A company has been fined £200,000 after a worker's arm was caught in a machine and broke in two places.
CCTV footage of the incident has been released by the Health and Safety Executive (HSE) after Gates Engineering and Services UK Limited was fined £200,000.
The 22-year-old, from Newcastle, had only recently started working as a manufacturing operative for the company when the incident occurred on 12 November 2021.
He was undergoing training when he was assisting another worker on the company’s 60-metre lathe at the firm’s site on Bassington Drive in Cramlington.
The man was working at the rear of the lathe when the rubber material he had just applied fell from the steel mandrel.
He instinctively reached to grab the material, and at the same time the lathe started, pulling him into the machine. This resulted in his left arm being broken in two places.
The machine was used to wrap rubber and other materials around a steel mandrel to form hose bodies for industrial hoses.
The system of work at Gates Engineering involved one employee working at the front of the machine operating the controls, with a second employee assisting from the rear, helping to manually position the rubber materials being applied.
However, the manufacturer’s manual for the machine stated that the lathe should be enclosed with a fixed perimeter guard, and that access to the work area by persons other than the machine operator prevented.
An investigation by the Health and Safety Executive (HSE) found the company had failed to take effective measures to prevent access to the dangerous parts of the lathe, and that its system of work required employees to stand in an area that was meant to be enclosed by guards.
The company pleaded guilty to breaching the Health and Safety at Work Act and was fined £200,000 and ordered to pay £3,653.70 in costs at Newcastle Magistrates’ Court on 4 May.
HSE inspector Stephen Garner said: “After this accident, the company was able to install perimeter guards to prevent access to the rear of its 60-metre lathe, and altered its system of work so that operation of the lathe could be carried out from the safe area at the front of the machine - as intended by its manufacturer.
"This accident could have been prevented if action had been taken earlier.

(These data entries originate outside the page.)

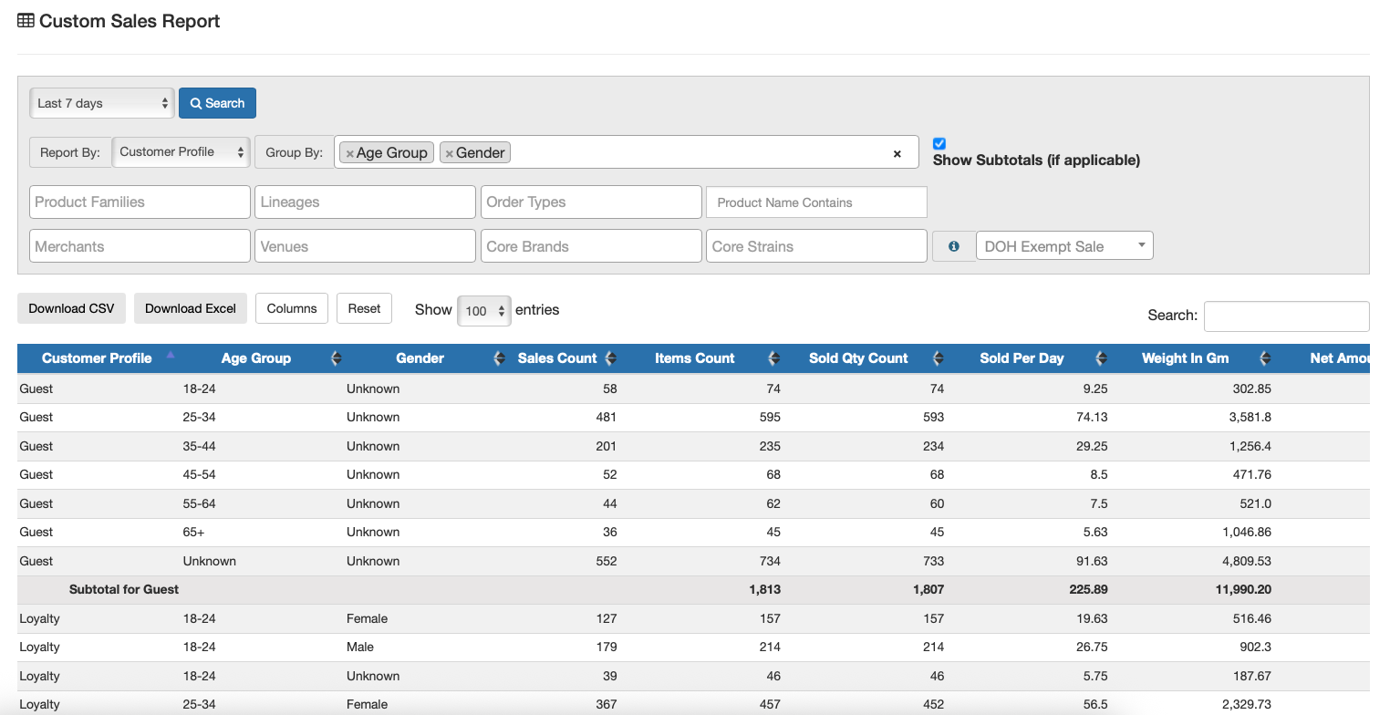 - This report provides insight into who is buying your products, broken down by age group and gender, and segmented by guest/non-members versus loyalty customers. Use it to better understand your audience, tailor marketing campaigns, and align product strategies with customer demographics.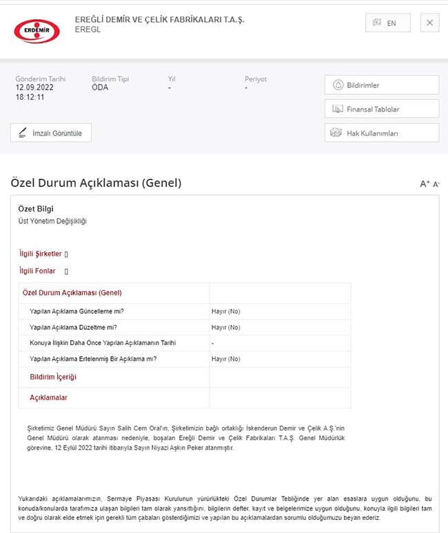 KAP’a bildirilen yazıda “Şirketimiz Genel Müdürü Sayın Salih Cem Oral'ın, Şirketimizin bağlı ortaklığı İskenderun Demir ve Çelik A.Ş.'nin Genel Müdürü olarak atanması nedeniyle, boşalan Ereğli Demir ve Çelik Fabrikaları T.A.Ş. Genel Müdürlük görevine, 12 Eylül 2022 tarihi itibarıyla Sayın Niyazi Aşkın Peker atanmıştır” ifadeleri yer aldı.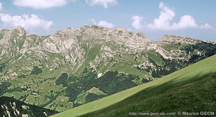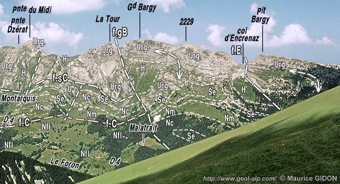 ![]() Le versant sud-oriental du Bargy, vu du sud-est depuis les pentes du Château (Pointe d'Areu). failles longitudinales par rapport à l'axe de l'anticlinal : f.C = faille principale de la Colombière ; f.Cs = faille supérieure de la Colombière ; failles transversales ; f.gB = faille du Grand Bargy ; f.E = faille d'Encrenaz. pour la suite vers la gauche se reporter à la page "Colombière". |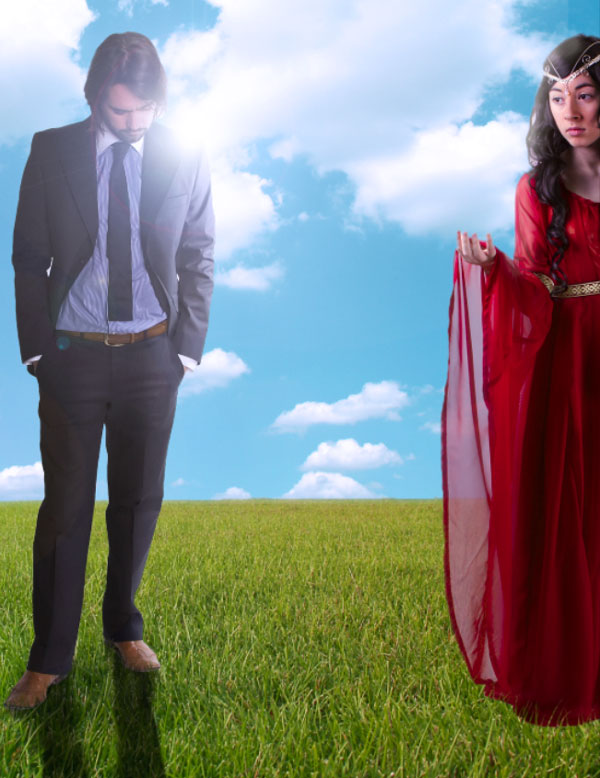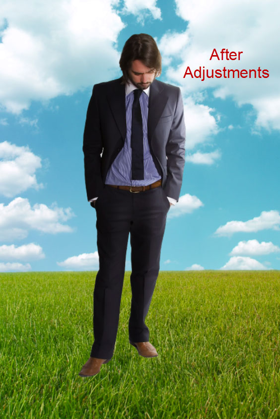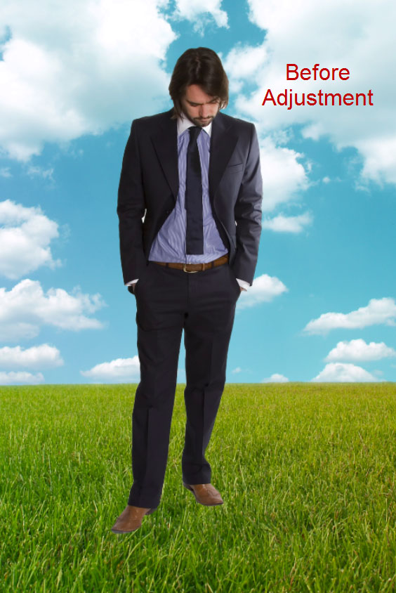 Notice how our man doesn’t seem to integrate into the scene, he seems like he’s floating above the ground. Let’s add some shadow to correct that.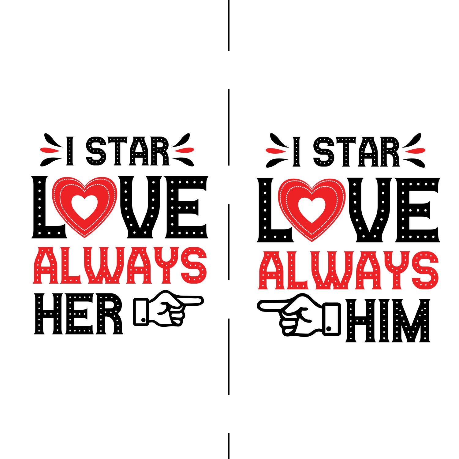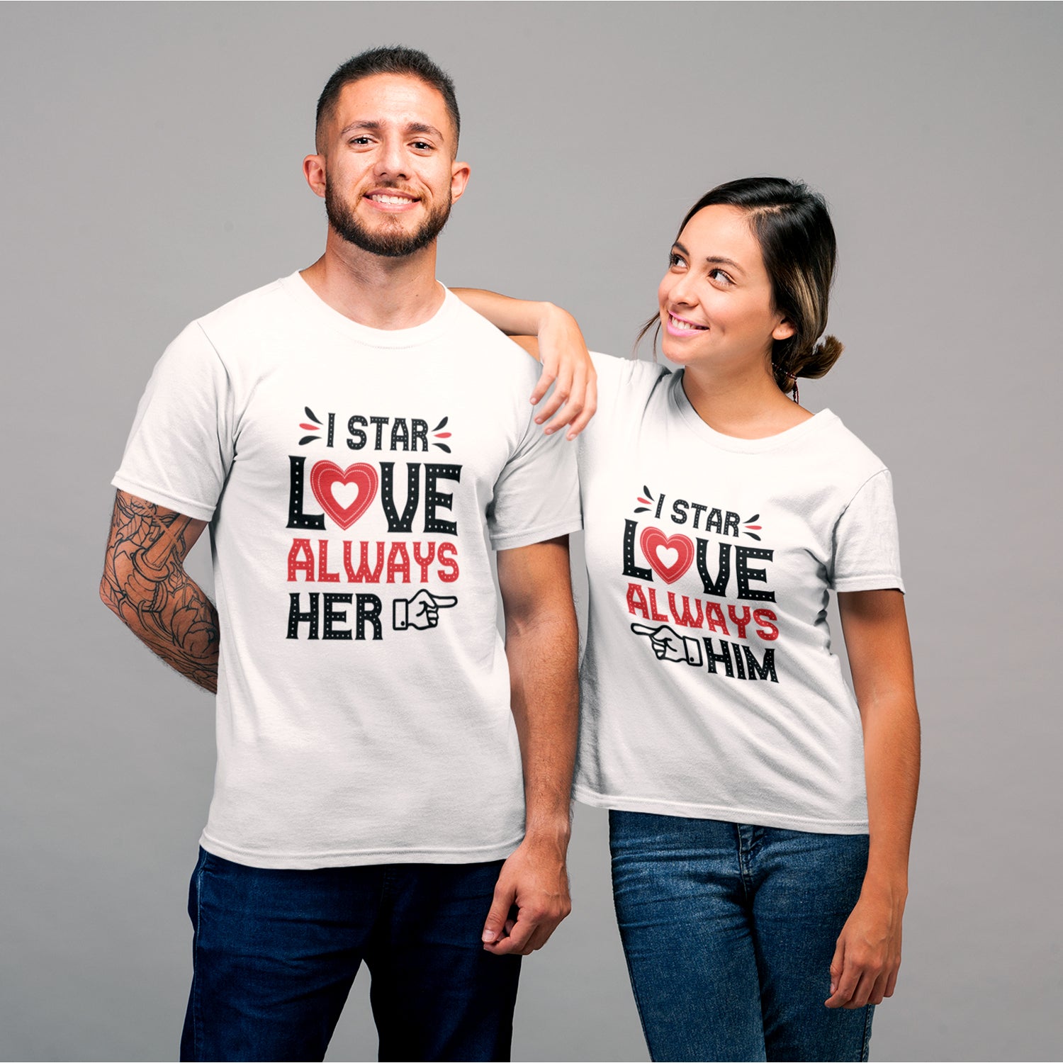 Product Description:Perfect for you and your special one, our I Star Love Always Her ,I Star love Always Him Couple T Shirts are a must-have for every loving couple. These couple t-shirts are just excellent to go out on a date with your cute partner.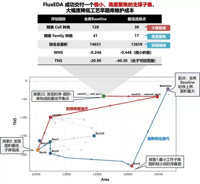 在这个案例中,FluxEDA配合综合与时序分析工具,让Agent从最小化子库出发,以面积为目标展开探索;随后再从面积较优的候选方案出发,继续做时序恢复与候选比较。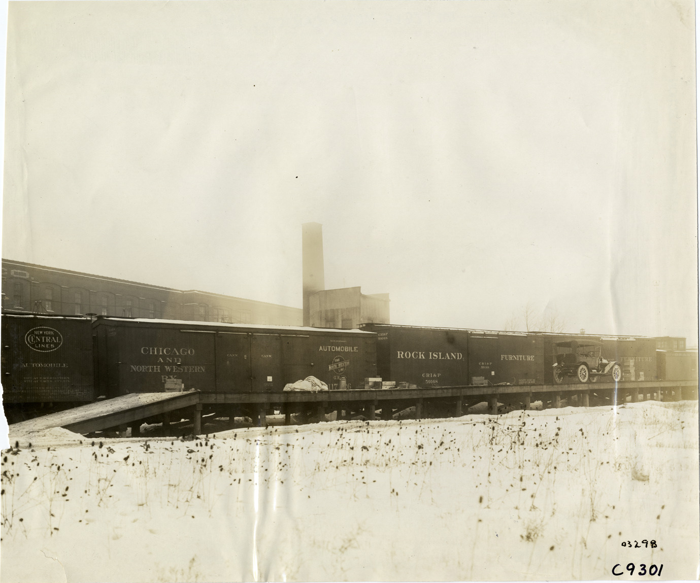 View of Everitt car on platform in front of railroad cars. Handwritten on back: "Factories--Metzger Motor Car Co., 1911. Everitt."

“A third-party safety audit commissioned by Gates Engineering, dated 16 January 2018, identified that there was access to moving parts at the rear of the machine due to inadequate guarding. Although this report failed to recommend any remedial measures, taken in combination with the information in the machine’s manual, this represented a missed opportunity to properly safeguard the machine before an accident occurred.
"Ultimately this accident was both foreseeable and preventable.”